Karabaic: The section on the Lumbee tribe really grapples with colonial definitions of race and identity, but also current American politics. What did you hope readers would take away from that story?
Brave NoiseCat: Their story to me was really illustrative how Indigenous stories, when you really actually pay attention to them — which our society unfortunately does not — usually can reveal fundamental things about race, about myth, about history, about Indigeneity — if you know where to look.

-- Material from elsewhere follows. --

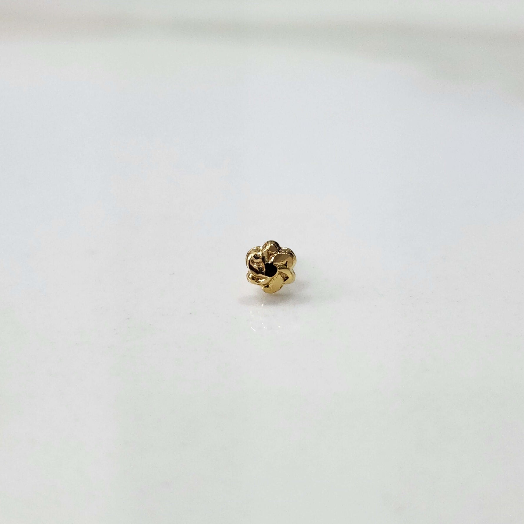 The gold nose pin has a carved group of lightly twisted petals that create a tight knot-like flower. Its smooth surface complements its curved surfaces, making it a glow whenever it moves. Its classy, natural shape renders it a flexible accessory that can be used on a daily basis and on special occasions.

And those were the kinds of stories that I felt particularly drawn to, whether it was the Coyote stories or stories of Indigenous peoples that got at something about what it is to be Native and also just what it is to be a person living on this continent.
Karabaic: OK. The title, “We Survived the Night,” it speaks to endurance. In your eyes, what does survival look like for Indigenous communities today?
Brave NoiseCat: Well, I would say that it looks like someone hanging out with their old man with whom they have a complicated relationship.
It looks like a kid who grew up a thousand miles away from the reservation that their family calls home in a whole country away. I grew up in Oakland, California. My people are from British Columbia, Canada, learning the language of his Kyé7e, his grandmother, who was sent to Indian residential schools.
It looks like a people like the Lumbee who are told time and again, even by other Native people that they are not Native, but who continue to pursue the recognition of their rights and their identity in the eyes of the law. I think it’s the persistence of these things. And it’s also, I think, the incredible way that we tell stories.
I think that the storytellers that have inspired me are aunts and uncles hanging out in a reservation living room, just telling some of the most terrible, funny, surprising off the wall stories. And I just hoped that tradition of survival while laughing and smiling and crying about it — that’s the tradition that I hope that I can be part of.
Karabaic: And that was, I think, a lovely note to end on. Thank you so much for joining me, Julian.
Brave NoiseCat: Thank you so much for having me. It really means a lot.